Tais fatores, segundo o juiz, estão presentes no caso examinado, que demonstra um “modus operandi” de suas condutas delitivas.

Segundo o magistrado, quase todos os suspeitos têm um histórico de infrações por delitos diversos. Para ele, isso denota, a princípio, “personalidades voltadas à violação da ordem jurídica e […] deixam revelar que o crime consubstancia verdadeiramente seus meios de subsistência” – razão pela qual suas prisões seriam “imperativas” para a garantia da ordem pública.

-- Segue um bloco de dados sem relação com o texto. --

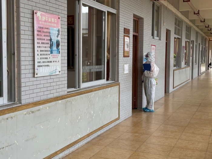 启动预案后,袁校长马上让教导处魏红丽主任查询小华同学的动向,确认该同学正在六(1)班的课室上早读课。班主任督促同学们带好口罩,原地待命。不一会,校医全副武装出现在六(1)班门前,一边安抚小华同学的情绪,一边把他带到留观室,然后将情况告知学校疫情防控领导小组,并协助街道疫情防控指挥部人员将小华同学转移到指定的场所。

“Com efeito, o risco de reiteração (no caso, mais precisamente, de persistência) delitiva é óbvio e inegável, e não fruto de mera especulação ou afirmações genéricas, máxime quando se observa que a conduta atribuída aos denunciados se protrai no tempo, encontrando-se a mesma em plena atividade”, ressalta.

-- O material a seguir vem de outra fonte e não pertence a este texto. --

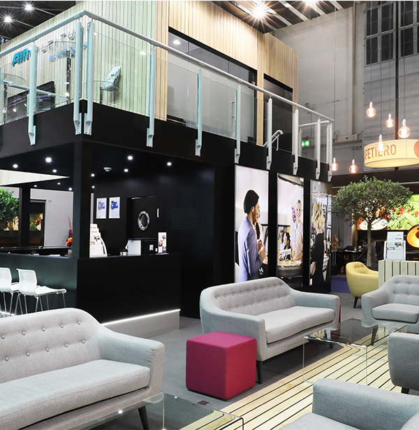 The multi- levelled delegate experience was orientated around individual needs. The product displays led to an open galley bar and lounge area in the heart of the stand, the perfect welcoming space for entertaining and networking.  The use of the double deck allowed us to fulfil the requirement for private and confidential meetings with clients. By creating an upper floor level, we allowed a space for more personal presentations and conversations in private meeting rooms away from the busy show floor.

O juiz também pontua que alguns dos suspeitos, embora não tenham precedentes criminais ou possuam condições pessoais favoráveis, isso por si só não garante seu direito à liberdade, uma vez que há razões que recomendam sua segregação social, por meio das investigações.

Com relação a essas pessoas, o magistrado afirma que nos autos estão presentes indícios, como fotos dos referidos suspeitos em pontos de vendas de droga e portando armas de grosso calibre, que justificam suas prisões preventiva, uma vez que evidenciam “que suas liberdades colocariam em risco à ordem pública, ante a habitualidade e persistência da conduta perpetrada”.

Megaoperação no Rio de Janeiro. Moradores empilham e fazem contagem de corpos após operação da polícia contra o CV no Rio de Janeiro.

Megaoperação no RJ

A Operação Contenção mobilizou cerca de 2,5 mil policiais civis e militares, com o objetivo de conter a expansão territorial do Comando Vermelho (CV) e cumprir cerca de 100 mandados de prisão.

O número de mortos, que subiu para 121, foi atualizado pela Polícia Civil do Rio de Janeiro na manhã desta quinta-feira (30). A revisão foi feita após novos registros de entrada de corpos no Instituto Médico Legal (IML) Afrânio Peixoto, no centro da cidade.

Os dados consolidam a operação como a mais letal da história do estado.